We aimed to assess the ability of molecular epidemiology to improve traditional surveillance beyond the detection of clusters for outbreak investigation. We used data from the NHSS and supplementary data from HIV case investigations and partner services interviews in King County, Washington to address a key question of interest to Public Health – Seattle and King County (PHSKC): What proportion of new HIV diagnoses among residents who were born outside of the United States were acquired locally in King County?
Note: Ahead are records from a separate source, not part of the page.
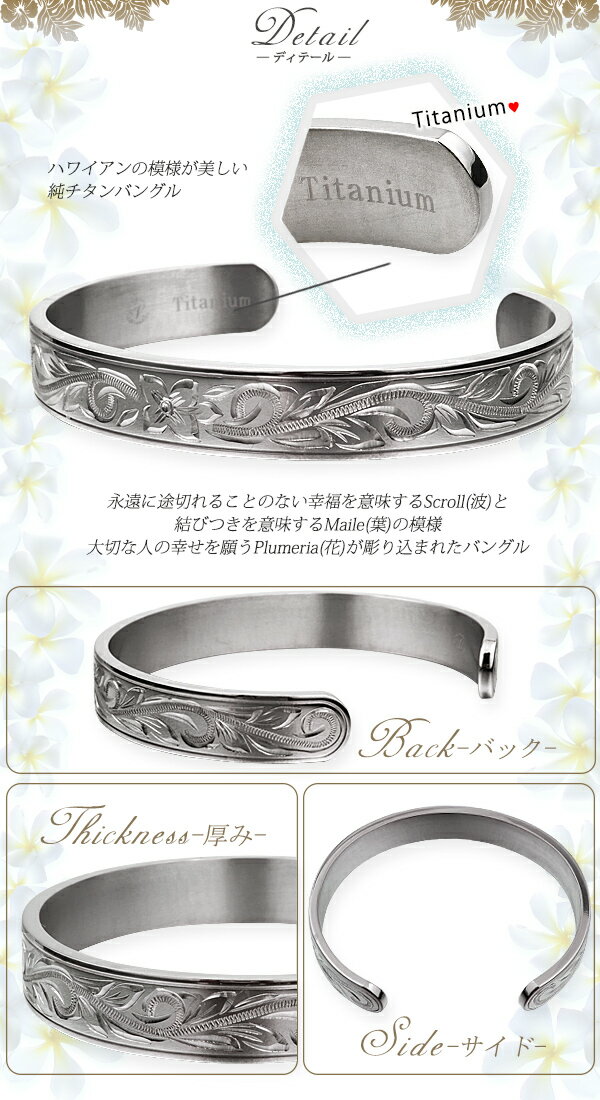 商品説明 商品番号 HBA1H-003-TN10 商品名 ハワイアンジュエリー ハワイアン バングル チタン 刻印無料 プルメリア スクロール サイズ Sサイズ内径55mm、幅10mmMサイズ内径60mm、幅10mmチタンはとても固い素材ですが力を入れていただくと微調整できます。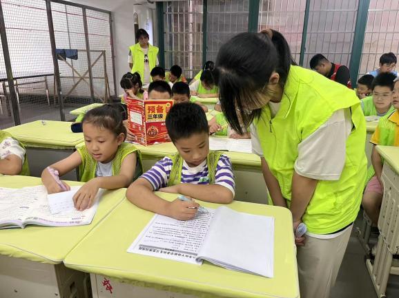 第四节课是作业辅导时间。志愿者老师们分组行动,耐心辅导小朋友完成暑期作业:解答数学难题、讲解生字词用法……老师们细致的指导不仅帮助孩子们解决了学习中的困惑,也在潜移默化中培养着他们良好的学习习惯。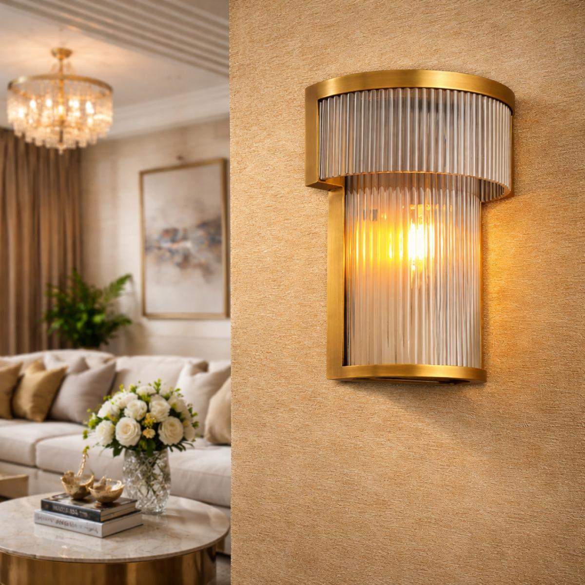 Diese Luxus-Wandleuchte wurde entworfen, um alltägliche Räume aufzuwerten. Sie kombiniert einen eleganten goldenen Rahmen mit einem vertikal geriffelten Glaszylinder, der ein warmes bernsteinfarbenes Licht nach innen abstrahlt. Die gebürstete Oberfläche in antikem Messing verleiht der Leuchte einen reichen, zeitlosen Charakter, während die geriffelte Struktur das Licht sanft bricht und formt. Als Wandlampe montiert, bringt sie eine moderne Silhouette mit klassischer Wärme – ideal für Flure, Wohnzimmer und Nachttischbereiche, in denen mehr als nur Beleuchtung gewünscht ist. Die rechteckige Montageplatte sorgt für ein klares, architektonisches Erscheinungsbild und lässt den Zylinderschirm sicher in die Wand integriert wirken.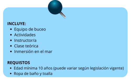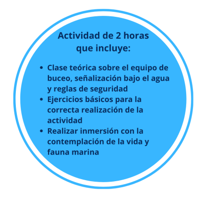 Tendrás tu primera conexión con el fondo del mar y aprenderás conceptos básicos para disfrutar de la experiencia y tener buenas sensaciones. Bucear y respirar bajo el agua es una sensación increíble, además podrás descubrir las criaturas y la fauna submarina realizando este maravilloso deporte.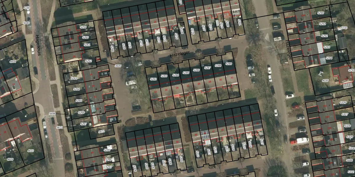 Gebruik de zoekbalk of klik op een perceel voor informatie over de adressen binnen dit perceel.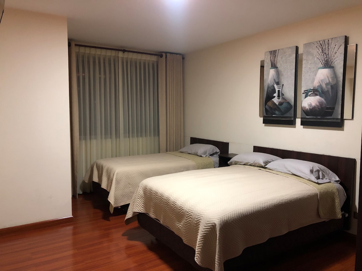 Rymlig och ljus lägenhet, den har 1 svit med en dubbelsäng och 1 sovrum med två sängar och ett extra badrum. Det är perfekt för personer med distansarbete, familjer eller grupper av vänner som vill spendera en trevlig vistelse i Cocha i en modern vintagestil. Köket är utrustat om du föredrar att laga något. Byggnaden har säkerhet dygnet runt, gym, pool och bastur. Närliggande Lincoln Park är ett vackert grönområde för att få kontakt med naturen och/eller motionera.
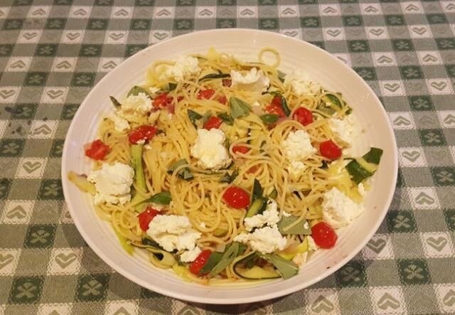 - 2 calabacines, rallados en trozos largos y cortados por la mitad
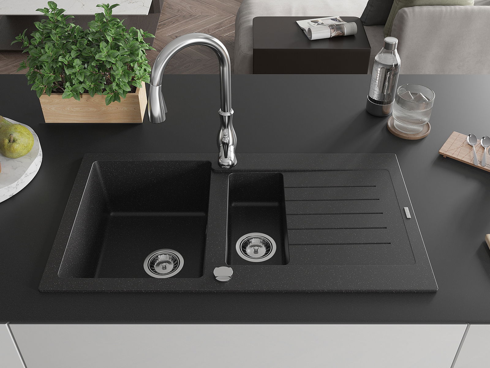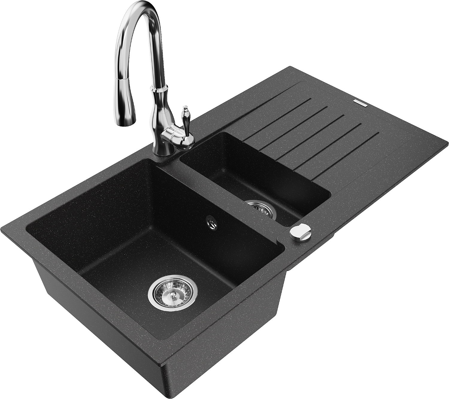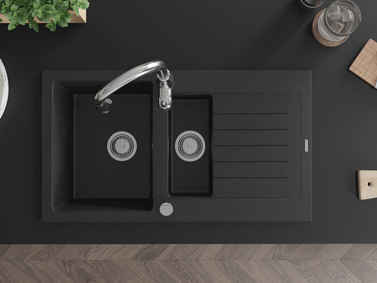 Mexen Matias granitový dřez 1,5-komorový s odkapávačem a kuchyňskou baterií Savita, černý/stříbrný - 6502-73-672601-00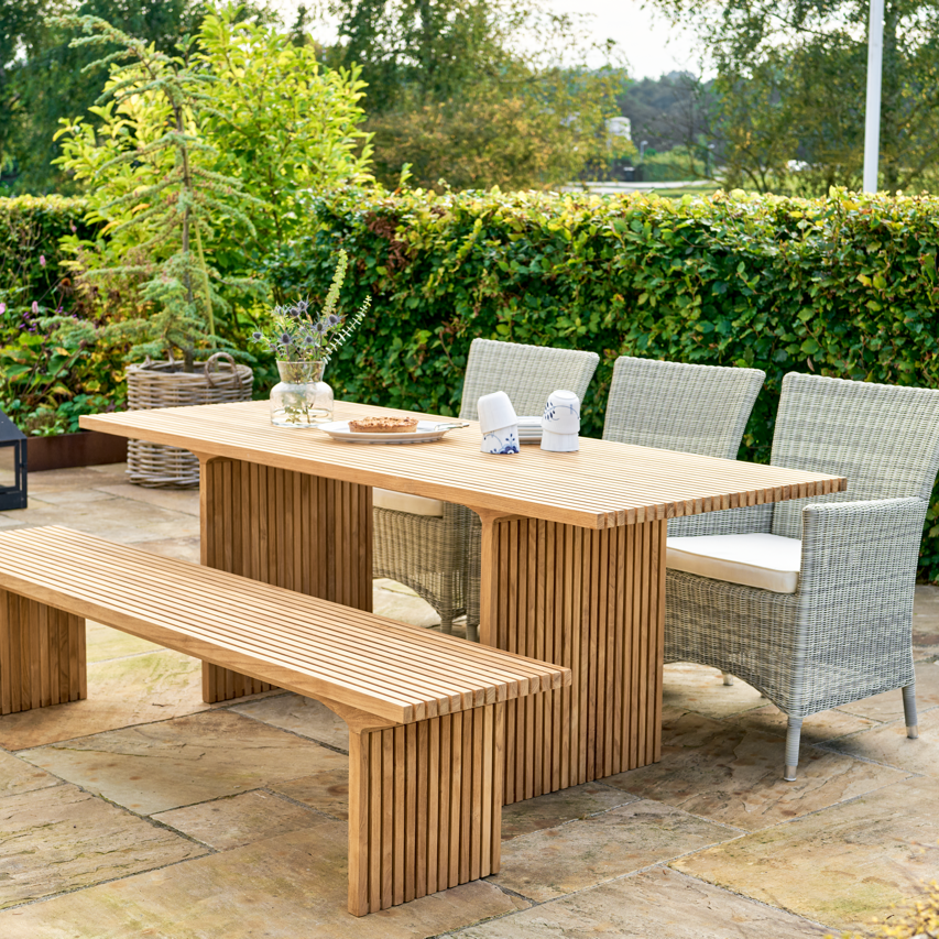 Parallel er en skulpturel serie af havemøbler lavet af tynde lameller af massivt teaktræ. Serien består af et bord og to bænke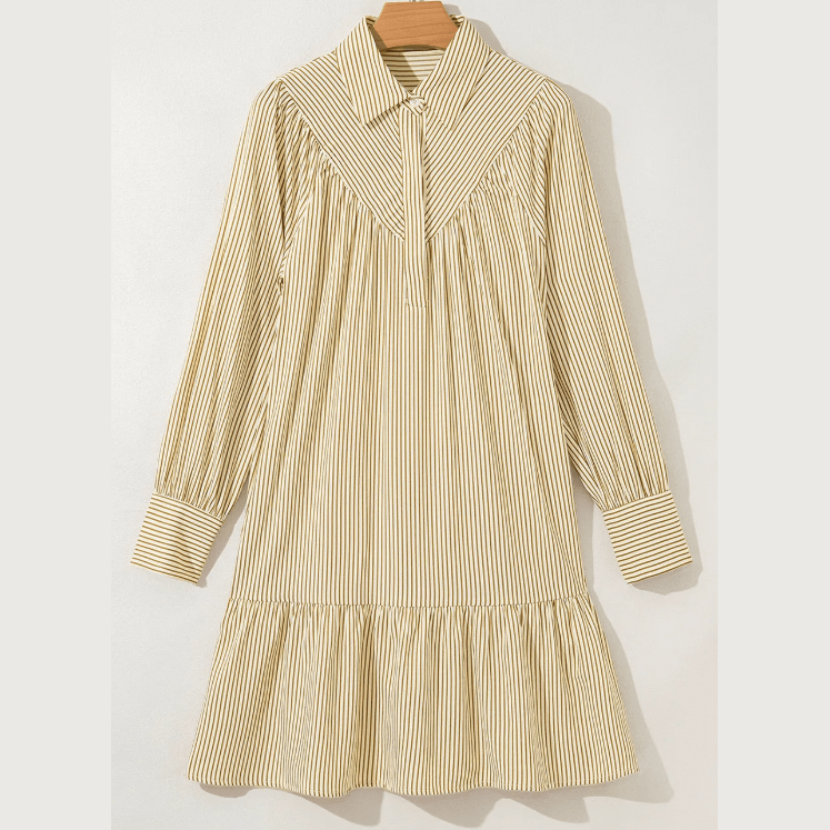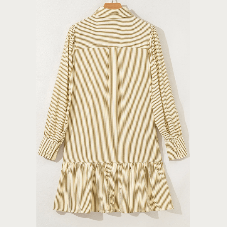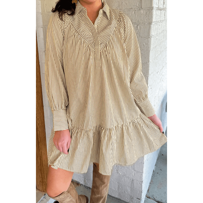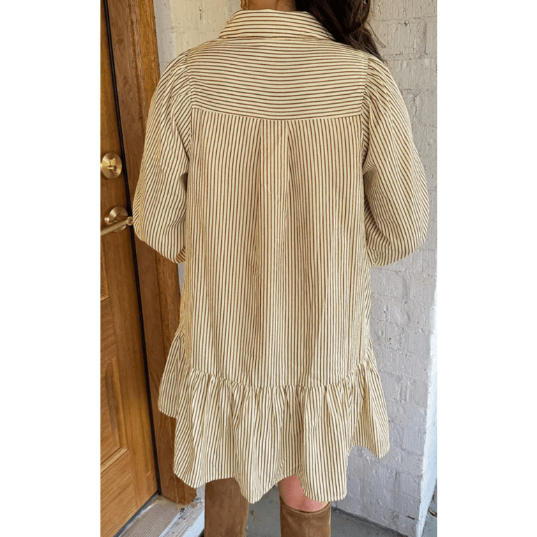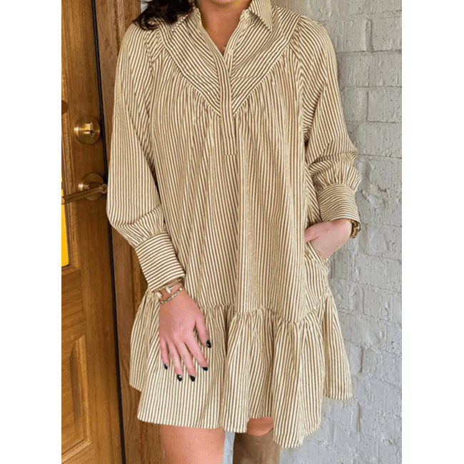 Madlin Brown Stripe Collared Neck Cuffed Long Sleeve Drop Waist Mini Dress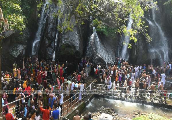 தொடர் விடுமுறை என்பதால் தென்காசி மாவட்டம் குற்றாலம் ஐந்தருவியில் குளிக்க குவிந்த சுற்றுலா பயணிகள்.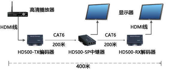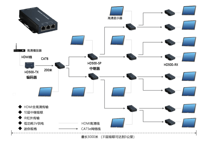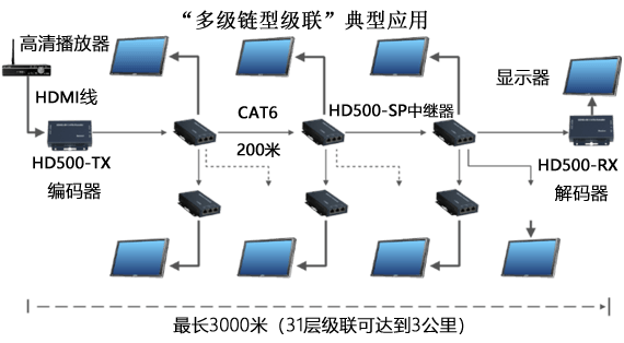 HD500系列產品分別由高清HDMI/DVI音視頻編碼器、中繼器及解碼器組成,應用這套產品可以將全高清1080P(1920*1200)音視頻信號通過網線延長至3000米。產品支持鏈型和樹型架構的高清音視頻傳輸,采用多層級聯能夠連接達百臺顯示終端。 HD500在信息發布上有著廣泛的應用,相對于傳統的信息發布有著無法比擬的優勢。可以實現全部的高清顯示終端的信息內容同步,用于高清實時的直播而且避免的傳統信息發布繁瑣的設置。可以迅速更換大大減小了設備的安裝和維護的成本。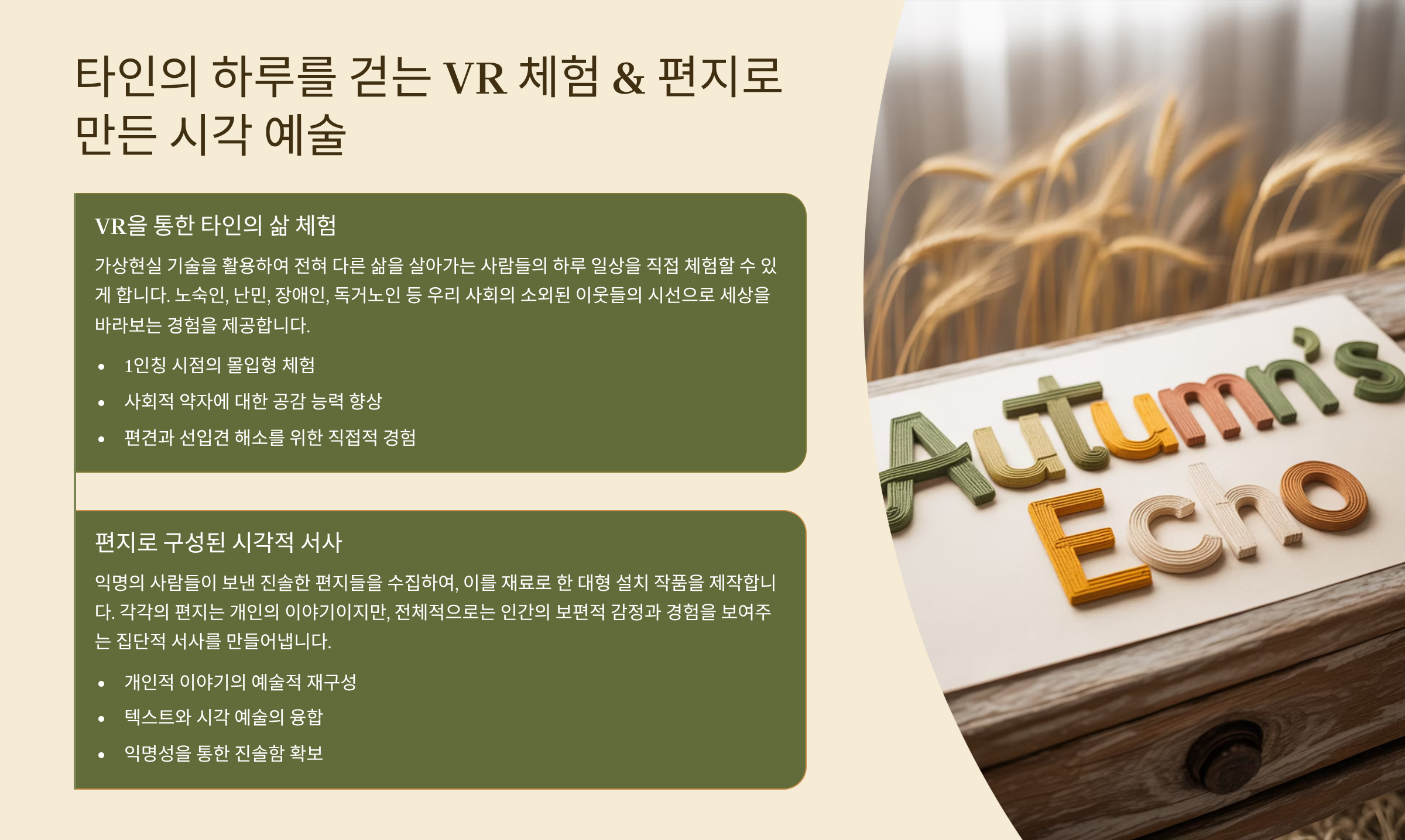 | 편지 기반 아트 | 관계, 정서 | 잔잔한 감동과 여운 전달 |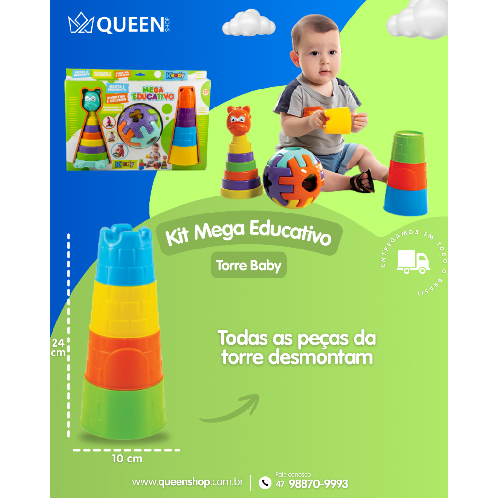 Kit Mega Educativo Pedagógico - Torre de Montar, Bola Geométrica e Urso Encaixável - 23 Peças Para o Desenvolvimento Infantil Descrição do Produto: O Mega Educativo Pedagógico é um brinquedo educativo composto por 23 peças coloridas e didáticas, criado para promover o desenvolvimento infantil. Este conjunto oferece diversas atividades que ajudam a estimular a coordenação motora, a atenção, a concentração e a compreensão de causa e efeito. Além disso, incentiva a imaginação e a criatividade das crianças, tornando o aprendizado uma experiência divertida e envolvente. Componentes do Conjunto: Urso Encaixável com 7 Peças: 1 Ursinho 6 Anéis coloridos para empilhar, numerados e com letras. Torre de Montar com 4 Peças: 1 Torre 4 Peças coloridas para encaixar. Bola Geométrica Encaixável com 12 Peças: 1 Bola M 6 Formas geométricas diferentes para encaixar. Resumo: Os brinquedos educativos do Mega Educativo são perfeitos para transformar o aprendizado em uma aventura super divertida. Com peças coloridas e formatos variados, as crianças podem desenvolver habilidades essenciais enquanto brincam. Contém: 1 Torre 1 Bola M 1 Urso 6 Forminhas Geométricas Desenvolvimento: Atenção e Concentração: As atividades propostas pelo brinquedo ajudam a criança a focar e prestar atenção em detalhes. Compreensão de Causa e Efeito: Encaixar e empilhar as peças permite à criança entender a relação entre suas ações e os resultados. Coordenação Motora: Manipular as peças coloridas e de diferentes formas promove o desenvolvimento da coordenação motora fina. Imaginação e Criatividade: A combinação de formas e cores estimula a criatividade e a capacidade imaginativa das crianças. Transforme o aprendizado em uma experiência lúdica e educativa com o Mega Educativo Pedagógico! Indicado para crianças a partir de 12 meses.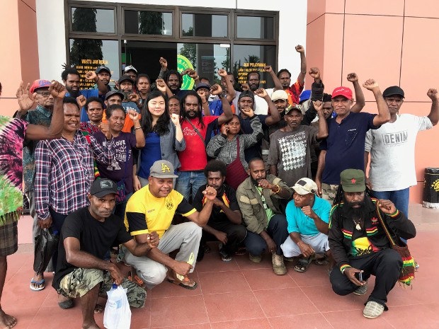 Veronica Koman (berdiri dengan kaos biru dan mengenakan blazer), pengacara dan aktivis isu-isu terkait hak asasi manusia di Papua, berfoto bersama warga Papua seusai sebuah persidangan di Timika, Papua, April 2019. Foto dok. Veronica Koman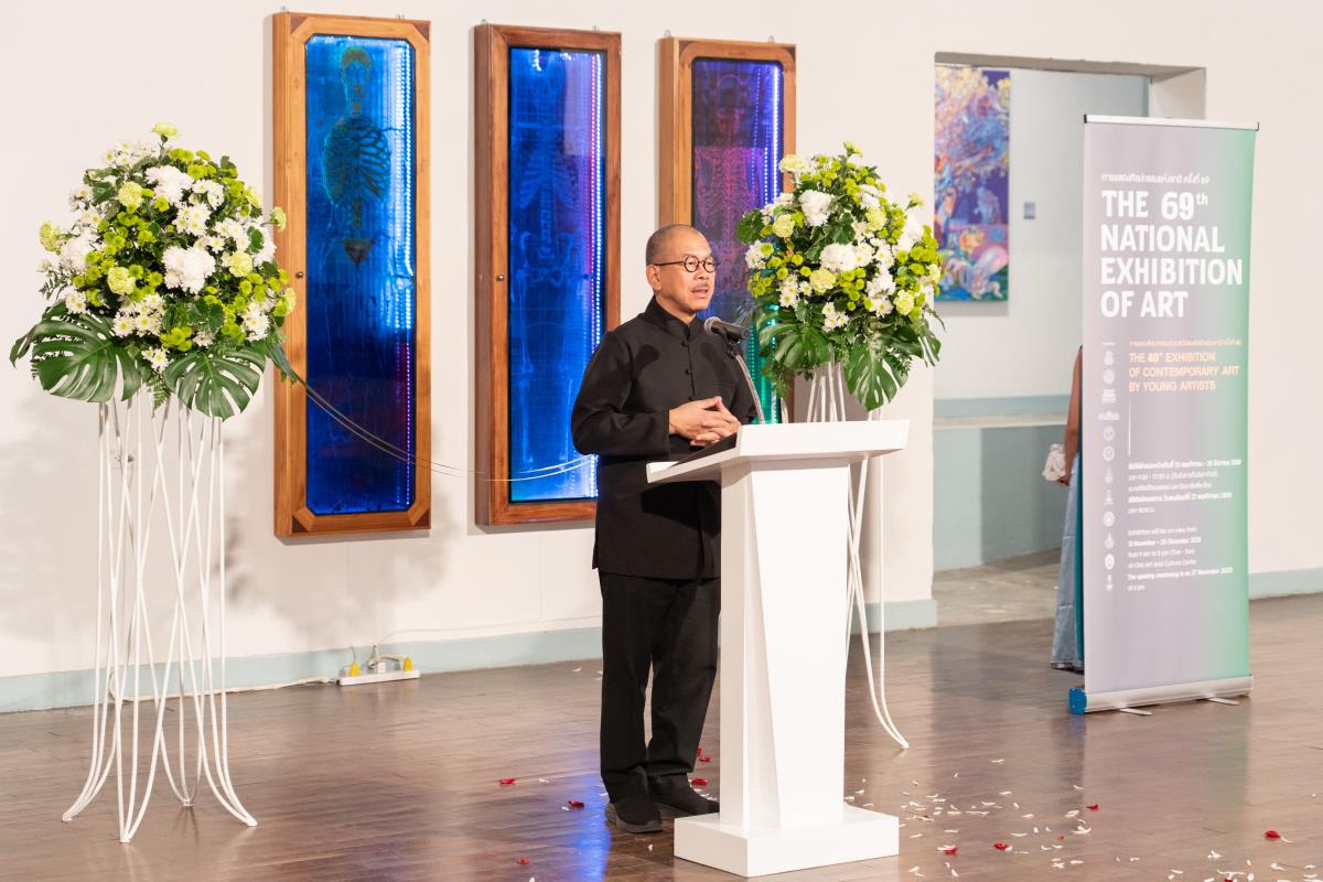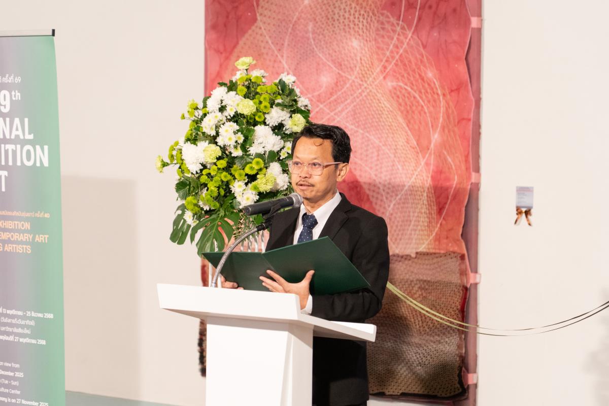 ศาสตราจารย์ปฏิบัติ ดร.เอกชัย มหาเอก รองอธิการบดี มหาวิทยาลัยเชียงใหม่ เป็นประธานเปิดนิทรรศการ “ศิลปกรรมสัญจร ประจำปี 2568” ซึ่งประกอบด้วย การแสดงศิลปกรรมแห่งชาติ ครั้งที่ 69 (THE 69

King County, which includes the city of Seattle, has a larger proportion of residents who were born outside of the United States (22%) than the United States overall (13%) [2,3]. Since 2006, King County has experienced an increase in the proportion of HIV cases among people born outside of the United States, despite an overall decline in HIV incidence over that same period [3–5]. While some HIV-infected individuals certainly acquired HIV prior to arriving in the United States, there is also local acquisition [6–8]. The extent to which HIV infections among foreign-born people are locally acquired is unclear. For individuals who acquired HIV outside of the United States, these infections contribute to an overestimate of local incidence. These diagnoses are still of public health importance, with the goal of diagnosis and linkage to care as soon as possible after arrival to the United States. In addition, understanding the degree of local HIV acquisition is important for HIV prevention, and for assessing which populations are not being reached by current prevention efforts.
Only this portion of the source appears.